Поэтому говорю вам, братья и сестры, будьте внимательны, ибо подстерегает нас огромное количество, целая армия демонов, и много демонов поселилось в людях. Недаром Христос на вопрос: «Как имя твое?» – слышит в ответ: «Легион, ибо нас множество». Дьявол не спит. Он, как говорит апостол Павел, «аки лев рыкающий, ходит вокруг и хочет нас сожрать».

И снова легкое фырканье Франца и пинок Калькбреннера. Амалия тем временем стояла недвижимая, словно статуя Мелюзины на Рынке. Ни один признак эмоций не вырисовывался на ее красивом личике. Туго зашнурованный корсет стягивал ее талию, делая более выпуклыми идеально круглые ягодицы, на которые не один богобоязненный прихожанин бросал взгляд искоса. Да, турки не дураки, раз решили, что женщины должны молиться сзади, потому что во время поклонов ничего святого в голову не полезет. Как, к примеру, мне.

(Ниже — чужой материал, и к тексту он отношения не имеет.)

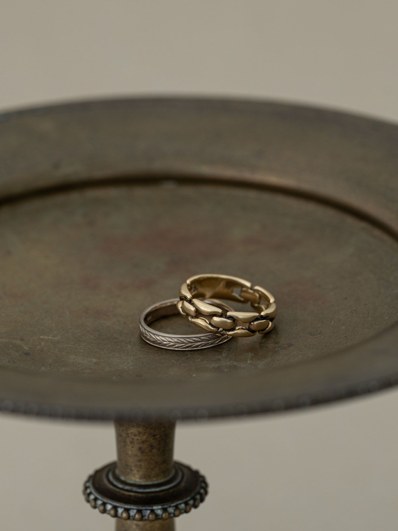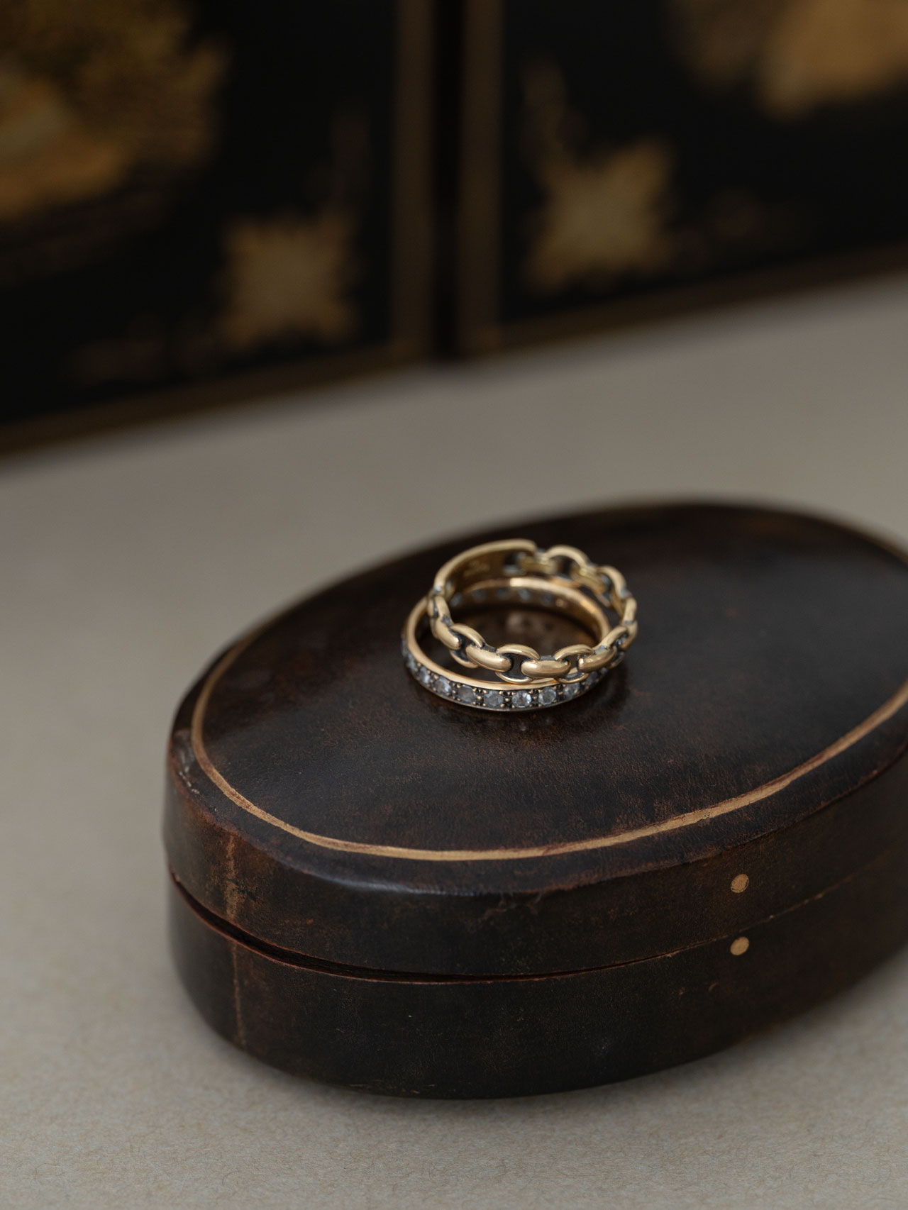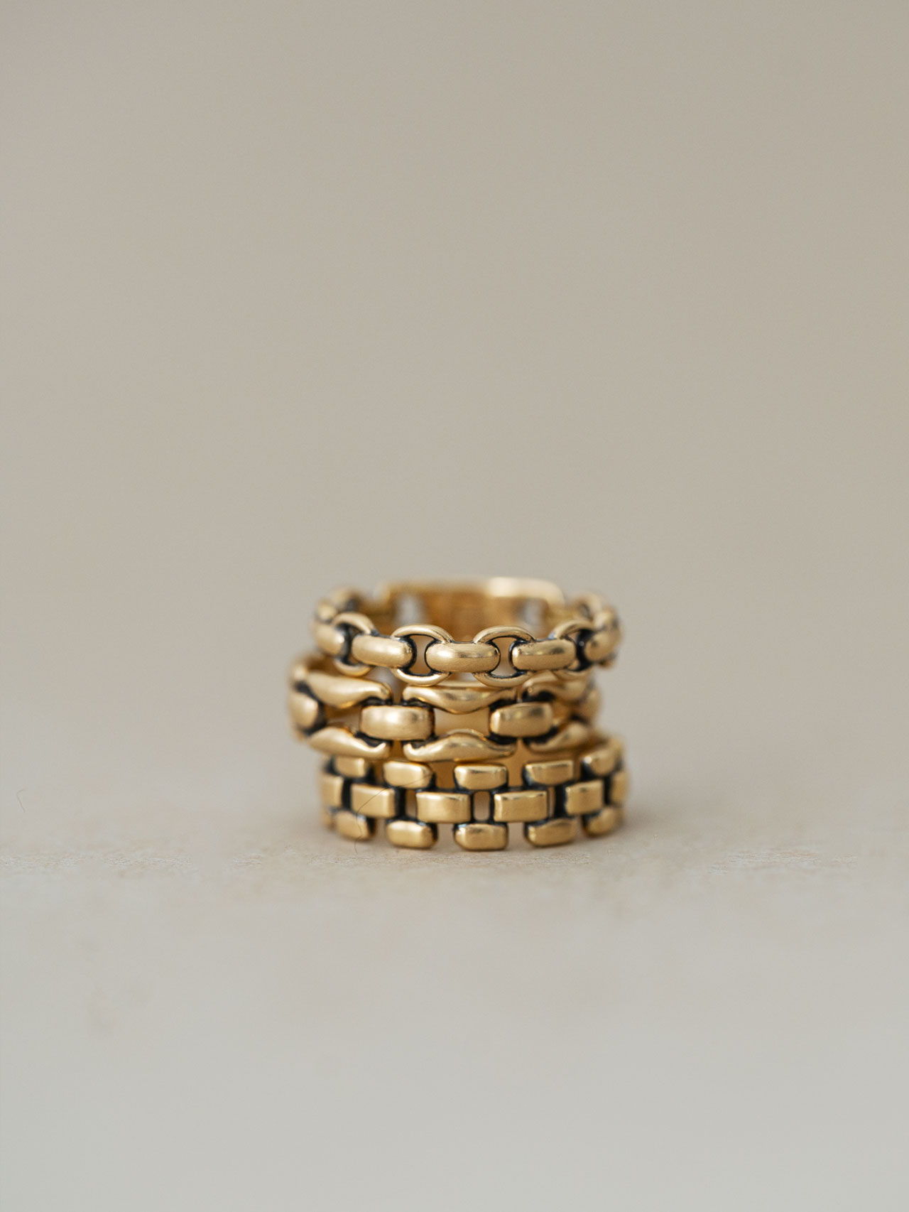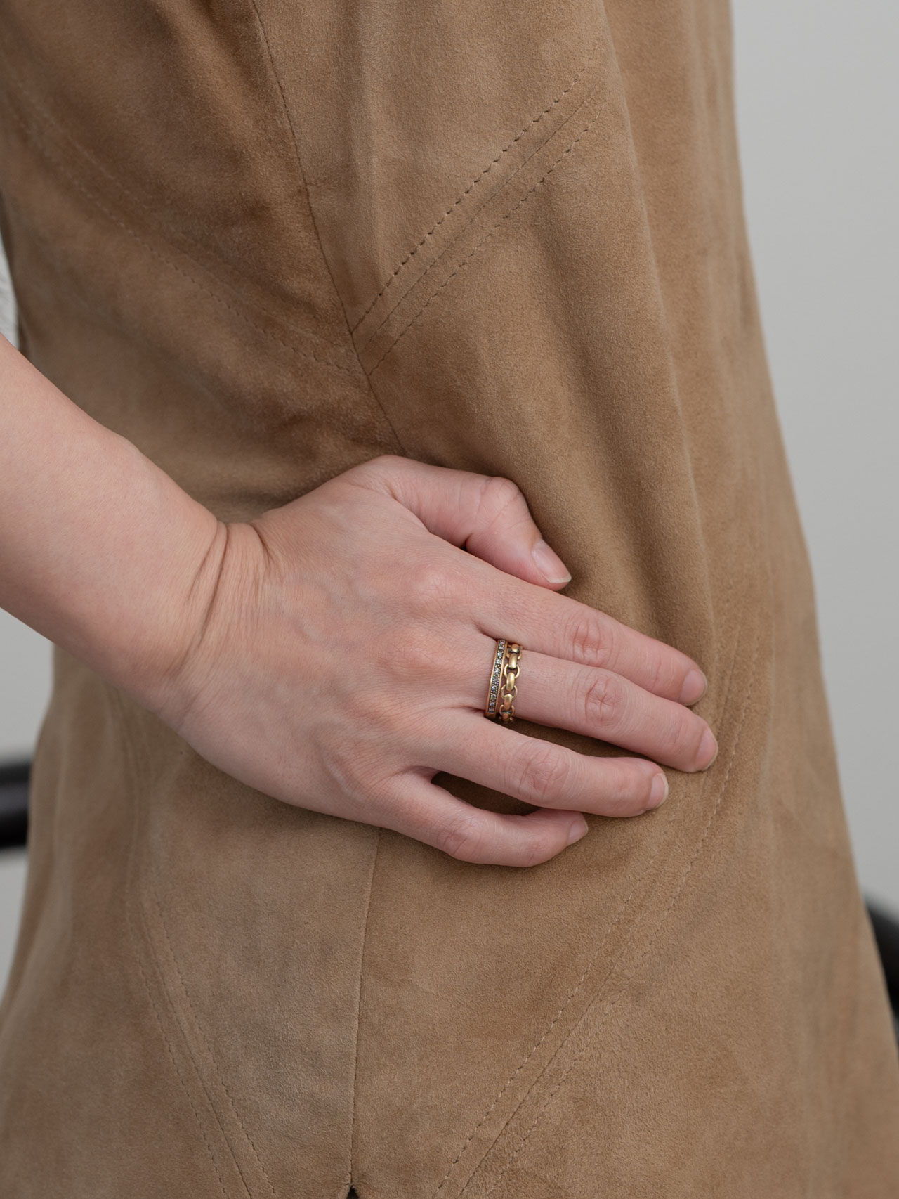 〈Chain〉のほどよいボリュームや、ほのかなクラシックさ、時代に左右されにくい佇まいは、今の自分だけでなく、まだ見ぬ未来の自分にも相応しくなるように。一周近く同じ形を連ねているからこそ、さまざまなものを受けいれてくれる。例えば、若い日の自分が選んできた華奢なものも。過去から今へ、今から未来へ、ずっと繋げてくれるようなアイテムなのだと、アップデートを繰り返しながら強く感じている。

В винарне кроме доктора Гелиаса, Бартоломея Зиморовича, нас с Юлианой, Калькбреннера с Амалией и Францем, которого Иоганн представил как рыцаря Франца фон Фуссенбруннера (где я уже слышал эту фамилию – а-а, да ведь это тот насильник, которого прибила Рута, только имя у него было другое), были еще доктор философии и медицины, раец Мартин Грозваер, доктор свободных искусств и философии, раец Микола Зихиниус, пан Станислав Гайдер, владелец винарни, доктор Леон Урбани – все с женами, лавничий судья Томаш Зилькевич, вдовец, и Юрий Немирич, [32]  Немирич Юрий (1612–1659) – украинский магнат, патриот, военачальник, государственный деятель и дипломат эпохи войн Б. Хмельницкого. Автор проекта Гадячского соглашения.
дипломат.

Со всеми я был знаком, кроме последнего.

– Вы не знакомы с Юрием Немиричем? – засуетился доктор Гелиас. – Это автор знаменитого трактата «Discursus de bello Moccovito», в котором он основательно описал, как разбить мосхов.

– О, – обрадовался я, – конечно, слышал. Когда я учился в Падуе, этот трактат старательно изучали. Венецианцы пытались обратить внимание турок на Московию, чтобы они оставили в покое Европу. И с этой целью отправили ваш труд в Константинополь. Во времена султана Мурада дела шли вроде как хорошо, но когда его сменил сумасшедший Ибрагим, все пошло прахом. Жаль, что этот план так и не был осуществлен.

– Ничего, – сказал Немирич. – Мы его еще осуществим. Беда только, что многие в Речи Посполитой не понимают, какая угроза подстерегает с Востока. И вместо того, чтобы превратить Речь Посполитую двух народов в Речь Посполитую трех народов, вы ведете себя как варвары. Запрещаете русинам открыто проводить свои религиозные обряды. Не далее как вчера я был свидетелем прямо-таки возмутительной сцены. Православный священник со свечами и звонком, как это принято, шел причастить человека, лежащего на смертном одре. И что же? Городские райцы оштрафовали ставропигийское братство на тридцать золотых. А бывало, что за такое и в тюрьму сажали!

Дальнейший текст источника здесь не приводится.